I came across the movie Backcountry on a list of horror films that are overlooked, but are supposed to be “good.” It should still be on Netflix, so I recommend you watch it. Actually, I’m not sure if I do. It’s the kind of movie you need to watch when you are prepared for brief, yet magnanimously brutal moments. If I’m being completely honest, the film is rather boring. In fact, my first couple hours away from felt like a waste of time. But I did not come to appreciate the inherent nihilism in the film until later on.

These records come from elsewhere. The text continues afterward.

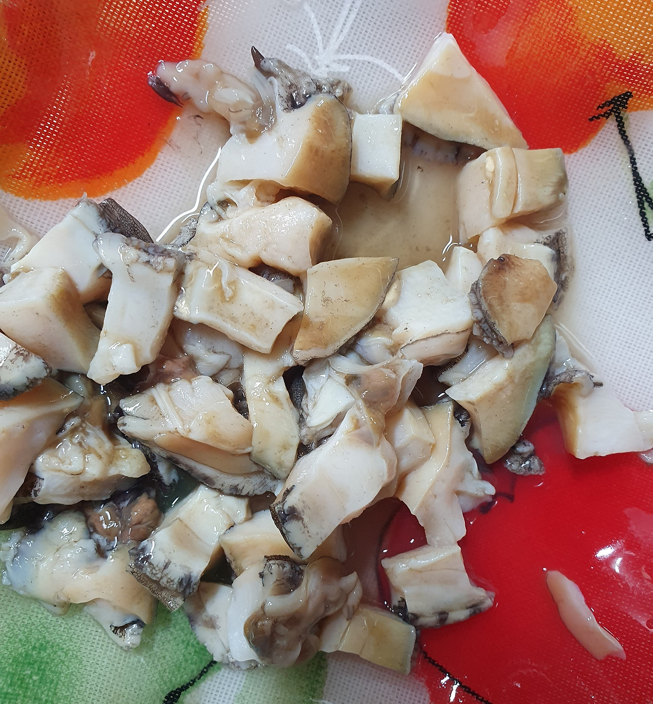 전복살을 떼어내 입을 제거하고 듬성듬성 사각으로 썬다.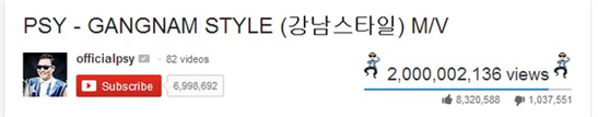Sau khi là video đầu tiên vượt qua mốc 1 tỷ lượt xem, Gangnam Style tiếp tục vượt qua con số 2 tỷ.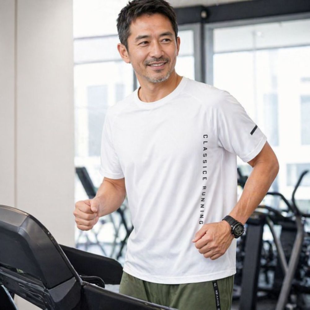 50代メンズファッションに最適な、洗練されたデザインの半袖Tシャツです。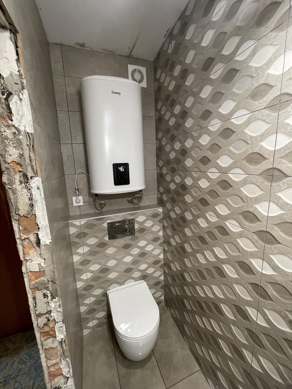V naslednjih dobrih 14 dneh so se poleg vodovodarja, ki je prevzel posel in usklajeval vse mojstre, zvrstili še električar, ki je hkrati tudi pleskar, dva polagalca ploščic, ki sta poskrbela tudi za vsa zidarska dela, in dva mojstra, ki sta vgradila nov podboj in vrata.

I am not actually convinced that it is inappropriate for me to spoil this movie. It is based loosely on a true story about a couple who gets harassed by a black bear. What is intriguing, however, is that the bear does not seemingly act in accordance with its nature. Bears don’t just prey on humans, but the bear in this film certainly did, and the testimony of the one individual who actually survived the bear attack laid claim to its abnormal behavior. The film is very dull for the first hour or so. There is not much to it. A guy decides to take his girlfriend on a camping trip through the woods and they get lost. Throughout the movie, there are subtle hints that a bear attack is imminent, but it appears as though we are about to see a stylized, “movie-like” bear chase. But this is not the direction the film goes. We see seemingly anti-climactic buildups all throughout, with no apparent satisfactory conclusion. Then, one morning on the camping trip. The guy wakes up and opens his tent to the sight of a bear. The bear immediately heads over to their tent and proceeds to rip off the limbs of the man…. And many more gruesome details follow.
The movie has no relieving conclusions. It just ends in a morbid state of pure nihilism. It’s actually quite depressing, really… which is why I don’t recommend you watch it. Actually, I do. What this film helped me to do is contemplate the state of nature.
Creation, as taught in Scripture, is a gift. It is rarely seen as such, but that is precisely what it is. God, in His infinite fullness and mercy, has given creation to all creatures for their enjoyment and for the purpose of His Glory. So how can this film relate? The bear in the film is just doing what bears do. The film is maddening in this respect. There is really nothing that we can do about it. We cannot blame the characters for acting in a stupid manner, but we cannot really blame the bear either, because the bear was just acting within its natural habitat. I hear all too often that sin is the reason things like this happen. But that does not sit well with me. We cannot blame sin for a bear doing what it was seemingly created to do. All of life in the biosphere feeds off of each other. Creation, however, is not just for man, but for the enjoyment of all creatures. For a detailed analysis of this, I highly recommend Richard Bauckham’s The Bible and Ecology.
Overall, there really is no morally or intellectually satisfying response to the horror of Backcountry. The movie has a brutish feel to it, but it is really just nature doing what nature does. Watch it, and consider these things as such.